The data entered in the contact form will be sent directly to us by email. Further storage of personal data on the server does not take place.

When contacting us (e.g. via contact form, email, telephone), the details of the person initiating contact will be processed in order to handle the enquiry and settle it in accordance with Art. 6 (1) (b) GDPR. The data can be stored in a customer relationship management system ("CRM system").

An important note on data security: The transmission of your request via the contact form via email to us is unencrypted. If you would like to send us sensitive information, please use the possibilities of email encryption via PGP/GPG. In our imprint, you will find the email address and the corresponding public GnuPG key for PGP/GPG encrypted email transmission.

Use of data for specific purposes, recipients of data, forwarding of data, duration of data storage
Recipients of personal data (via contact form, email or telephone) are employees of EPRD Deutsche Endoprothesenregister gGmbH and, if applicable, technical service providers within the scope of order processing.

If we disclose data to other persons and companies (contract processors or third parties) in the context of our processing, transfer the data to them or otherwise grant them access to the data, this is only done on the basis of legal permission, or if you have consented, or a legal obligation provides for this or on the basis of our legitimate interests (e.g. when using agents, hosting providers etc.).

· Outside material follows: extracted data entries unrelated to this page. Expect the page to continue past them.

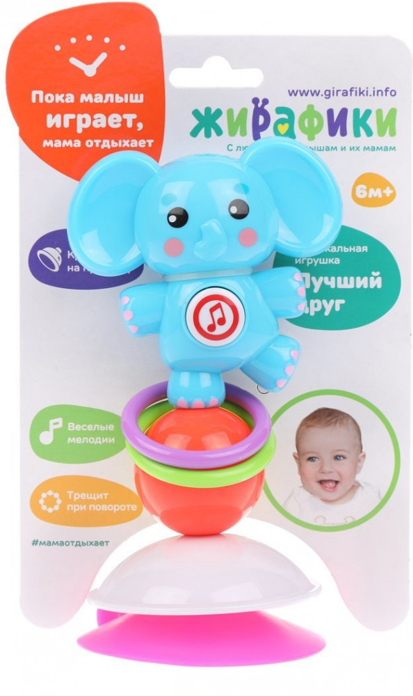 Жирафики Игрушка на присоске «Слоник»В данный момент этот товар отсутствует в продаже. Возможно, у нас найдется аналогичный или похожий товар здесь. Забавная музыкальная игрушка «Слоник» станет лучшим маминым помощником во время кормления малыша! Благодаря присоске её можно надёжно зафиксировать на столе, и она будет проигрывать весёлые мелодии, развлекая маленького непоседу. А ещё малыш может трогать игрушку, и она будет очень приятно греметь, а если покрутить, можно услышать веселую трещотку! |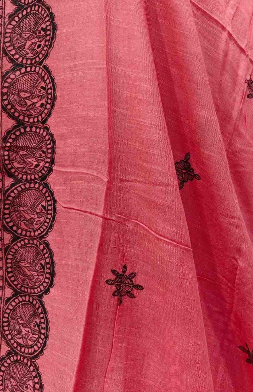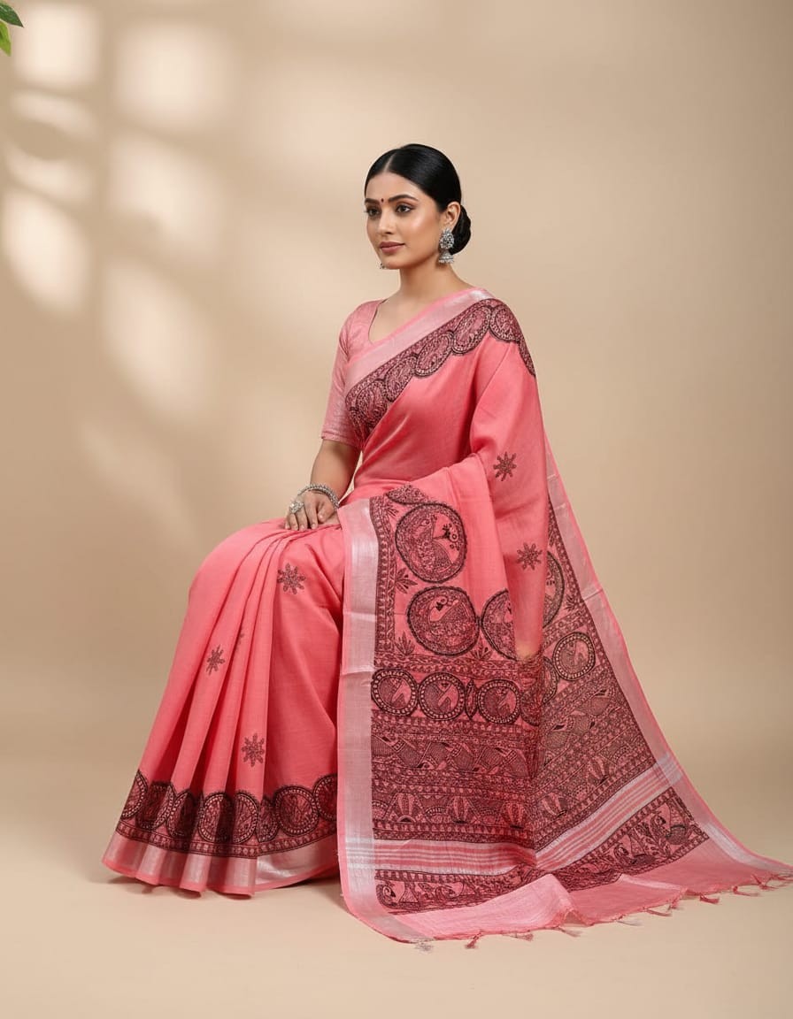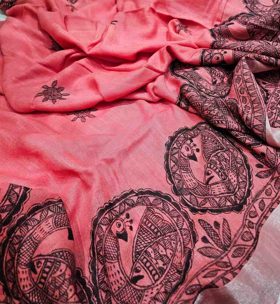 MANORATH' Pink Hand painted Madhubani Blend Saree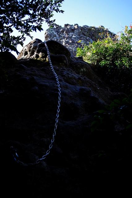 山頂へは約30Mを鎖を伝いながら登り、また下ります。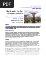 Gardens by the Bay Description Sustainability has been a key design driver for Singapores ambitious Gardens by the Bay project. The garden at Marina South will be home to some of the sites most spectacular structures including two cooled conservatories. With a total covered area of 16,500m2, they will be among the largest climate-controlled glasshouses in the world, employing low-energy and renewable systems. Each has its own distinct character, but both explore the horticulture of those environments most likely to be affected by climate change - the Mediterranean zone and tropical cloud forests. The cool-dry biome will tell the story of plants and people in the Mediterranean zone, and how the plants cultivated in these regions will gradually become endangered as temperatures rise. The adjacent cool-moist biome focuses on plants and the planet, highlighting how the warming of the cool tropical cloud forests will threaten the Earths biodiversity. The envelopes of both biomes are critical to their success. Both are designed to allow as much light as possible to enter so that the plants within can ourish; the hybrid structure of a gridshell supported by giant steel arches was informed by extensive daylight analysis. However, with high levels of sunlight comes heat gain and so to lessen the cooling load a retractable shading system will be deployed between the arches for use on sunny days. Rolled triangular sails of 8m x 10m will be concealed within the main arch sections and these will unfurl as required to provide shade. The choice of glazing is also fundamental to the faade design: the double-glazed units that enclose the biomes will have a low-e coating on the inner face of the outer pane to allow approximately 65% of the incident daylight through to the interior but only 35% of the solar heat. The cooling system for the Conservatory Complex will be carbon neutral over the course of a year. Cooled air will be supplied via displacement systems in the cool-dry biome and a combination of displacement systems and jet diffusers in the cool-moist biome. The cooled air is generally supplied at low level and, as it warms, will rise to the top of the space where it will disperse through open windows or be extracted and recirculated.

The service providers include Domainfactory GmbH (, which hosts our website in Germany, and the agency 3pc GmbH New Communication (, which supports us in website maintenance and development. We have concluded an order processing contract in accordance with Art. 28 GDPR with both companies.

The data will not be passed on in any other way except in the case of prior consent or on a legal basis (e.g. request for surrender by authorities or on the basis of court rulings).

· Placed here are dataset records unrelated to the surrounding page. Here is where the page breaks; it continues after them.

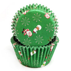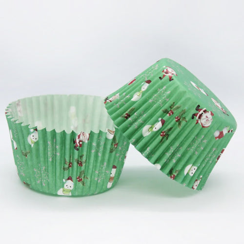 These Christmas Santa Snowman Green Baking Cups are standard size (#550) baking cups made out of high quality grease proof paper. Also known as cupcake liners, these baking cups measures approximately 50mm base & 35mm wall. Comes in a pack of approximately 240-250 pieces. Great for Christmas cupcakes, treats and desserts.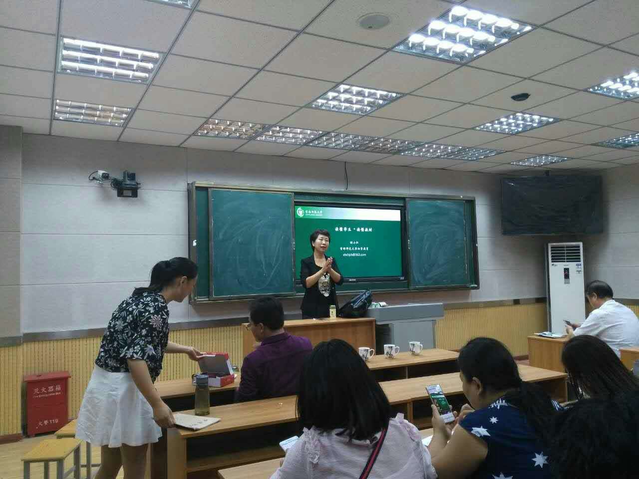 下午两点钟,程教授作了题为《读懂学生 读懂教材》的专题讲座,她从课堂三要素、读懂学生、读懂教材、课堂怎样教这四个方面作了深入浅出的讲解,并且理论联系实际,通过具体典型的案例来说明读懂学生和读懂教材的重要性。程教授的讲座内容丰富,讲解生动有趣,既有理论高度,又提出了许多可供实践的见解和经验,让与会老师耳目一新,受益匪浅。
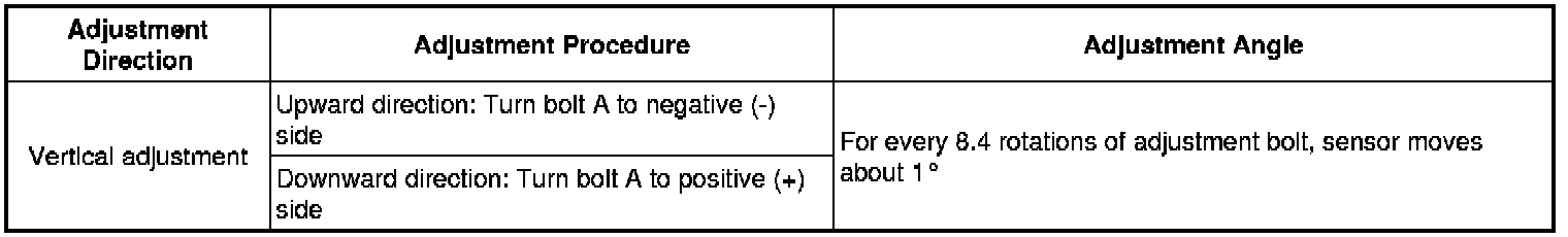 (1) If the axis is not as specified, use a screwdriver to adjust bolt B until the divergence of the radar beam axis is 0°.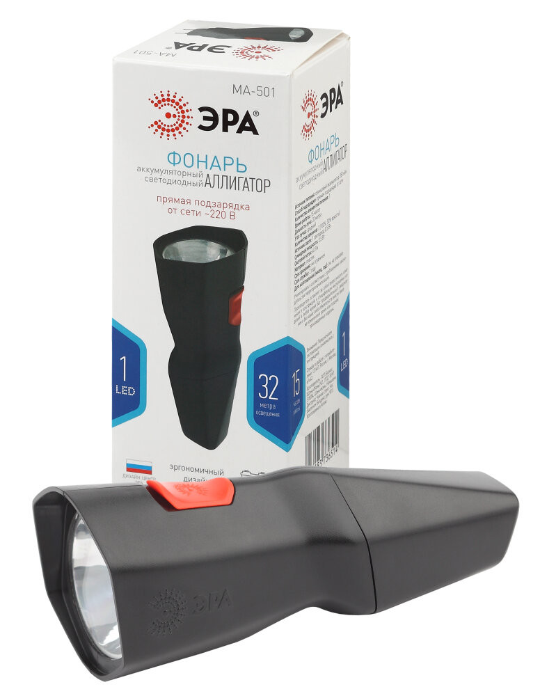 ЭРА MA-501 Аллигатор - удобный ручной фонарь собственной разработки ЭРА. Поставляется в презентабельной коробке, демонстрирующей необычный дизайн устройства. Эргономичный корпус имеет несколько граней. Фонарь отлично лежит в руке, яркая кнопка включения расположена прямо под большим пальцем. ЭРА МА-501 напрямую заряжается от электросети 220 В - не нужно брать с собой ни батарейки, ни провода для подзарядки. Вилка встроена прямо в корпус, достаточно просто снять с неё специальную защитную крышку и вставить фонарь в розетку. От одной подзарядки прибор проработает без перерыва 15 часов этого с запасом хватит на целую ночь или многодневное путешествие, если включать фонарь на несколько часов по вечерам.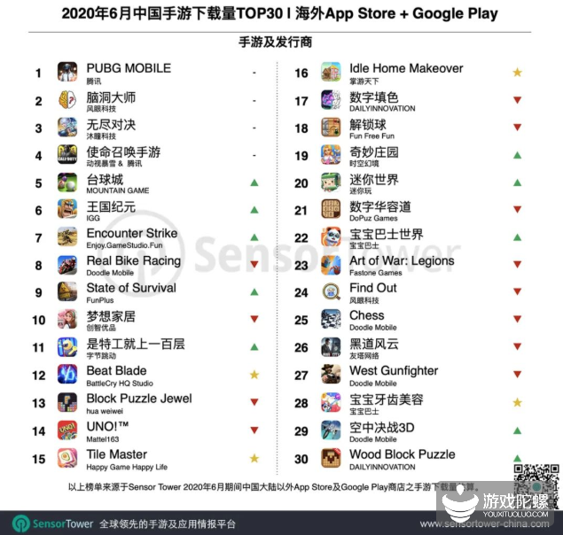 虽然Apple Search Ads只是买量投放的其中一环,但其对于一款移动游戏的成功也起着非常重要的作用。《Pooking-Billards City》虽然知名度并不甚高,但早在2018年就是出海下载TOP产品中的常客。根军Sensor Tower发布的2020年6月中国手游下载量TOP30榜单显示,《Pooking-Billards City》(台球城)排名第5,甚至领先于《王国纪元》、《黑道风云》等知名产品。而由本次观察结果可以推测出的是,对Apple Search Ads的重视,是《Pooking-Billards City》最终走向成功的重要因素之一。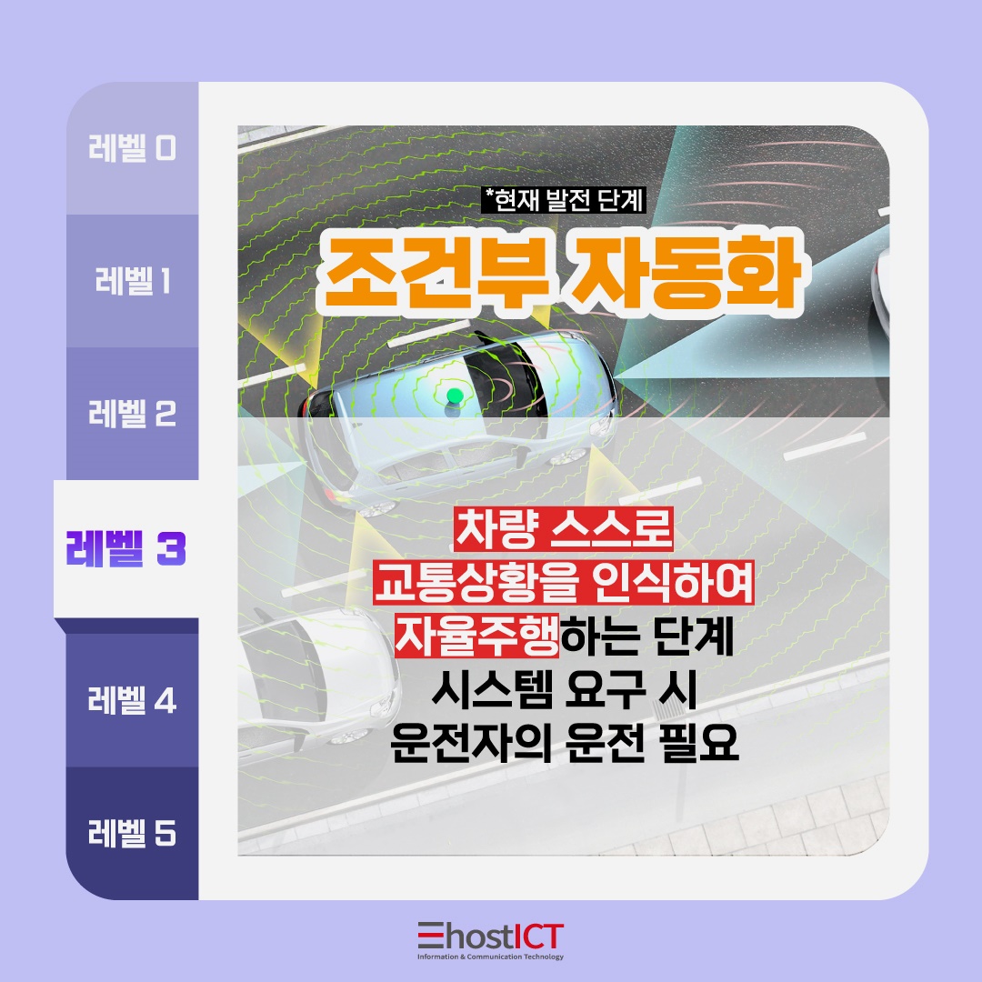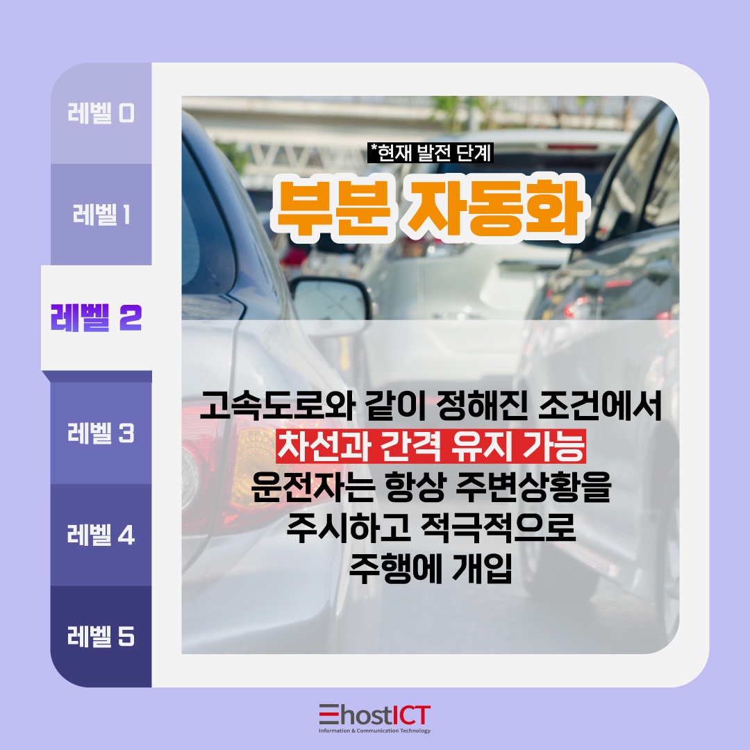 부분 자율주행 고속도로와 같은 조건에서 자율 주행. 필요 시 운전자가 즉시 개입. |

In the case of enquiries via the contact form, by email or by telephone, we delete the personal data in the period between three and six months after the last interaction, provided that there is no business relationship and no conclusion of contract can be assumed. Deletion will not take place, or will only take place later, if statutory archiving obligations prevent deletion.

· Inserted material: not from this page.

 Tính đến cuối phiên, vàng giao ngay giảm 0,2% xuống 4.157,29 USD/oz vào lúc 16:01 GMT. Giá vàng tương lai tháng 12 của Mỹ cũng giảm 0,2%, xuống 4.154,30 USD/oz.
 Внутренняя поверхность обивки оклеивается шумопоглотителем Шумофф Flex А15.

Rights of data subjects (e.g. rights of information, objection, revocation and deletion)

Right of objection / revocation: Irrespective of the above, you have the right at any time to object to the use of your data in accordance with Art. 21 GDPR and to revoke any consent you may have given to the use of your data at any time.

If you file an objection, we will no longer process your personal data unless we can prove compelling legitimate reasons for the processing that outweigh your interests, rights and freedoms, or the processing serves the assertion, exercise or defence of legal claims.

If you revoke your consent to data processing or object to the use of the data, this will not affect the legality of the data processing until the time of revocation.

Rights to correction, deletion and restriction of processing
You also have a right to correction (Art. 16 GDPR), deletion (Art. 17 GDPR) or restriction of processing (Art. 18 GDPR) under the statutory conditions.

You can change or revoke your consent by notifying us accordingly with effect for the future.

Rights to data transferability and complaints
In addition, you also have the right to data transferability in accordance with Art. 20 GDPR and the right to lodge a complaint with a data protection supervisory authority within the meaning of Art. 77 GDPR. The latter may be requested, for example, from the Berlin representative responsible for data protection and freedom of information, Friedrichstr. 219, 10969 Berlin, Phone: +49 30 13889-0, Fax: +49 30 2155050, Email: (see also

To exercise the aforementioned rights, please send an email to info(at) or use the other contact options mentioned in the imprint of our website.
Please note that this data protection declaration only applies to the website of EPRD gGmbH. Other data protection and data security regulations may apply to the linked external content. You can find out who is responsible for the respective offer in the imprint.